The Nine Lives of Montezuma
- First edition
- Author: Michael Morpurgo
- Illustrator: Margery Gill
- Language: English
- Genre: Children's novel
- Publisher: Kaye & Ward
- Publication date: 1 March 1980
- Publication place: Great Britain
- Media type: Print
- Pages: 87
- ISBN: 978-0-71-821239-1 Hardback
- OCLC: 71268990

= The Nine Lives of Montezuma =

2017 British children's novel

The Nine Lives of Montezuma is a 1980 British children's novel written by Michael Morpurgo. It was originally published by Kaye & Ward in 1980. It is about the exciting life of a farm cat called Montezuma who has many brushes with death.

==Plot==
Montezuma (Monty) is a ginger cat, with blue-green-yellow eyes, and loves hunting and playing with his owner, Matthew. The story evolves from him being a young kitten to him growing into an old tomcat. As Montezuma grows up, he has fights with various cats and dogs; he ends up getting lost twice; he falls into a pond; he meets Daisy the Cow, and Sam the farm dog, and along the way, he also meets some characters who are nice to him, and some who are not so nice to him.
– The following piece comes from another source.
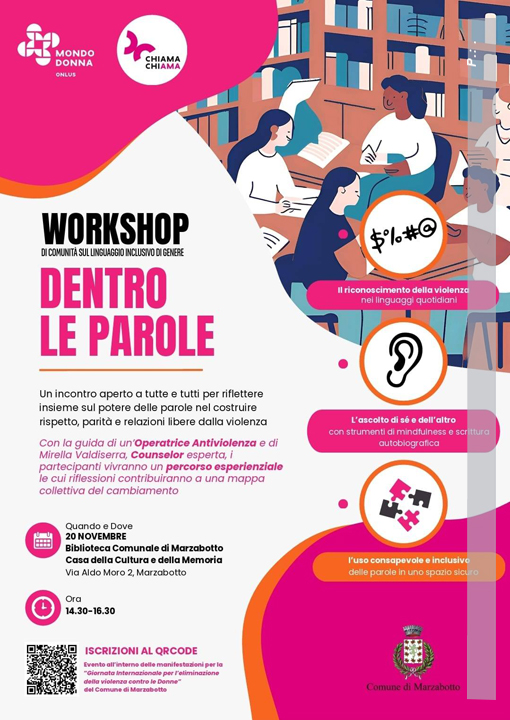 2025/11/22, Marzabotto – Il programma delle iniziative organizzate dal Comune di Marzabotto in occasione della Giornata internazionale per l’eliminazione della violenza contro le donne. Gli eventi si svolgeranno dal 20 al 25 novembre e sono tutti a ingresso libero. Sono allegate le rispettive locandine.

But in the end, he winds up getting back to Matthew.

==Reception==
InfoPet said the book is "deftly told, and moving". A review in Junior Bookshelf said the story "is told without sentimentality, though not without sentiment". The Guardian stated that "the small black and white illustrations dotted throughout the chapters work really well to help you picture what is going on in the book; the book is quite short, but effective". They also noted how the book is organized into the cats nine lives, instead of chapters.